**Problem description:**
The lines below, from the first through the one containing "- Bonds with", are to be given again exactly, with pictures left out and nothing added.

**Collected material:**
+ + + + + + +
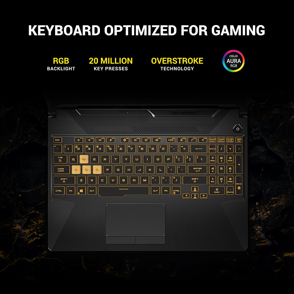 Arm yourself with a desktop-style keyboard optimized for gaming. Uniform RGB backlighting lets you express your own unique style, while highlighted WASD accents give you a visual shortcut to key movement commands. Overstroke technology triggers higher in each keystroke for faster responsiveness and effortless control. In true TUF form, each key is durable enough to withstand over 20 million presses for superb long-term reliability and precision.
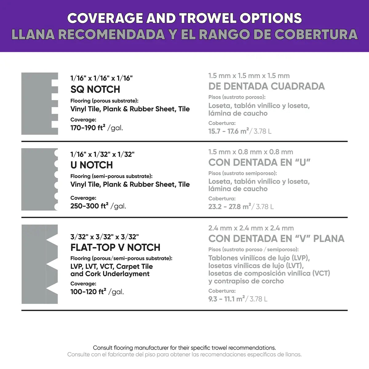 - Bonds with most concrete, APA-rated plywood, terrazzo, properly prepared vinyl composition tile (VCT), sheet flooring (non-cushioned) except self-stick tile, and radiant-heated subfloors
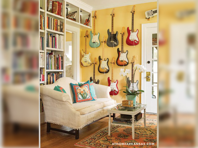 อันนี้เป็นไอเดียสำหรับสายสะสมครับ ใครที่สะสมกีตาร์ไว้เยอะจนวางไว้ให้ฝุ่นเกาะเล่นแล้วเนี่ยผมว่าน่าเสียดายออกนะ ในเมื่อมีของดีเราก็ต้องเอาออกมาโชหน่อยเส้ ไอเดียนี้จะเป็นการใช้กีตาร์ในคอลเลคชั่นส่วนตัวมาประดับบนผนังเปรียบเสมือนไอเทมตกแต่งบ้านสวย ๆ เซ็ตนึงเลยครับ แขวนทื่อ ๆ แบบนี้แหละ แต่ด้วยรูปลักษณ์และสีสันที่ต่างกันก็ทำให้ผนังด้านนี้มีสีสันขึ้นเยอะเลยล่ะครับ
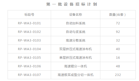 瑞浦能源新建高性能动力与储能锂离子电池及系统智能制造项目涉及的主要设备和仪器:自动加料系统、高速浆料分散设备、浆料输送系统、高速挤压涂布机、X射线面密度同步测量仪、β射线面密度同步测量仪、激光在线测厚仪、高速辊压分切一体机、高速涂布模头、自动极耳成型分切一体机、EV高速全自动卷绕机、贴胶刻码机、X-RAY自动检测系统、热压机、配对机、超声波焊接机、激光焊接机、自动入壳机、电芯装配物流系统、电芯baking线、化成分容自动线、化成分容物流线、全自动注液机、自动氦检机、OCV测试机、自动包膜机、AGV极卷输送系统、立体式极卷仓储物流系统、立体式原材料仓储物流系统、立体式成品仓储物流系统、全自动模组装配线、PACK自动装配线、大功率充放电检测柜、高压包自动装配线、大功率激光焊接机、六轴机器人、AGV自动物流输送系统等。粘度计、膜片电阻测试仪、电子天平、固含量测试仪、流变仪、金属粒子检测仪、拉压力试验机、千分尺、金相截面分析仪、金相切割机、金相磨抛机、影像测量仪、绝缘电阻测试仪、耐压测试仪、水分仪、温湿度露点仪、尘埃粒子计算器、数显式扭矩测试仪等。热能回收系统、蒸汽(导热油)锅炉、真空泵、制氮系统、离心式冷水机组、冷冻式干燥机、冷水塔、压缩空气系统、转轮除湿机组、NMP回收系统、废水处理系统、温度露点监控系统、电动物流车、物料转运小车等。
+ + + + + + +
**Result:**
 Arm yourself with a desktop-style keyboard optimized for gaming. Uniform RGB backlighting lets you express your own unique style, while highlighted WASD accents give you a visual shortcut to key movement commands. Overstroke technology triggers higher in each keystroke for faster responsiveness and effortless control. In true TUF form, each key is durable enough to withstand over 20 million presses for superb long-term reliability and precision.
 - Bonds with most concrete, APA-rated plywood, terrazzo, properly prepared vinyl composition tile (VCT), sheet flooring (non-cushioned) except self-stick tile, and radiant-heated subfloors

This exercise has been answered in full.